The sounding weight, one of the first instruments used for the sea bottom investigation, was designed as a tube on the base which forced the seabed in when it hit the bottom of the ocean. British explorer Sir James Clark Ross fully employed this instrument to reach a depth of 3,700 m in 1840.

Sounding weights used on were the slightly more advanced "Baillie sounding machine". The British researchers used wire-line soundings to investigate sea depths and collected hundreds of biological samples from all oceans except the Arctic. Also used on HMS Challenger were dredges and scoops, suspended on ropes, with which samples of the sediment and biological specimens of the seabed could be obtained.

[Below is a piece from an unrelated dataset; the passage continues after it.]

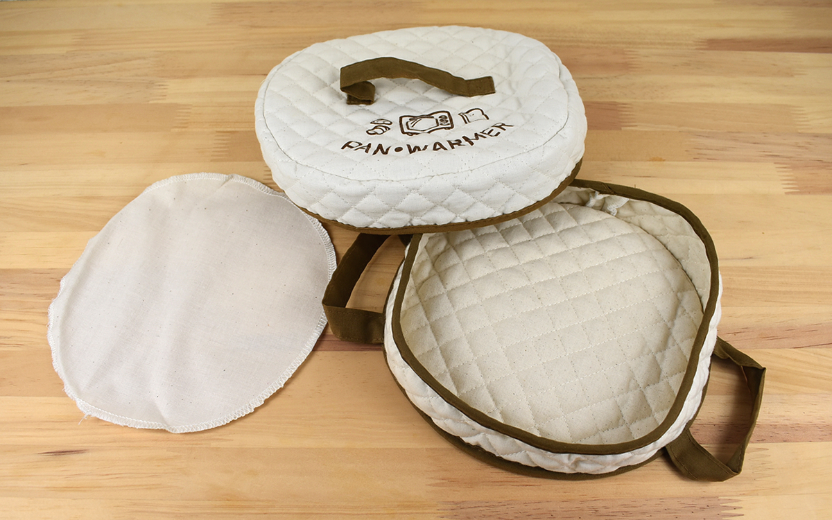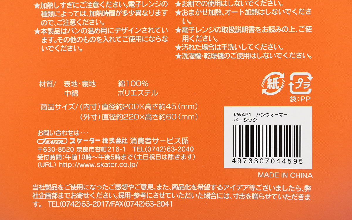 温め終わってレンジから取り出してみると、キルト地の素材がほんのり温まっているのを感じました。陶器やプラスチック製の素材が多いキッチングッズですが、同商品に使われているのは綿とポリエステル。これらの素材が、パンから出た余計な蒸気を吸収してくれる仕組みになっているんです。

A more advanced version of the sounding weight is the gravity corer. The gravity corer allows researchers to sample and study sediment layers at the bottom of oceans. The corer consists of an open-ended tube with a lead weight and a trigger mechanism that releases the corer from its suspension cable when the corer is lowered over the seabed and a small weight touches the ground. The corer falls into the seabed and penetrates it to a depth of up to 10 m. By lifting the corer, a long, cylindrical sample is extracted in which the structure of the seabed’s layers of sediment is preserved. Recovering sediment cores allows scientists to see the presence or absence of specific fossils in the mud that may indicate climate patterns at times in the past, such as during the ice ages. Samples of deeper layers can be obtained with a corer mounted in a drill. The drilling vessel JOIDES Resolution is equipped to extract cores from depths of as much as 1,500 m below the ocean bottom. (See Ocean Drilling Program)

Echo-sounding instruments have also been widely used to determine the depth of the sea bottom since World War II. This instrument is used primarily for determining the depth of water by means of an acoustic echo. A pulse of sound sent from the ship is reflected from the sea bottom back to the ship, the interval of time between transmission and reception being proportional to the depth of the water. By registering the time lapses between outgoing and returning signals continuously on paper tape, a continuous mapping of the seabed is obtained. The majority of the ocean floor has been mapped in this way.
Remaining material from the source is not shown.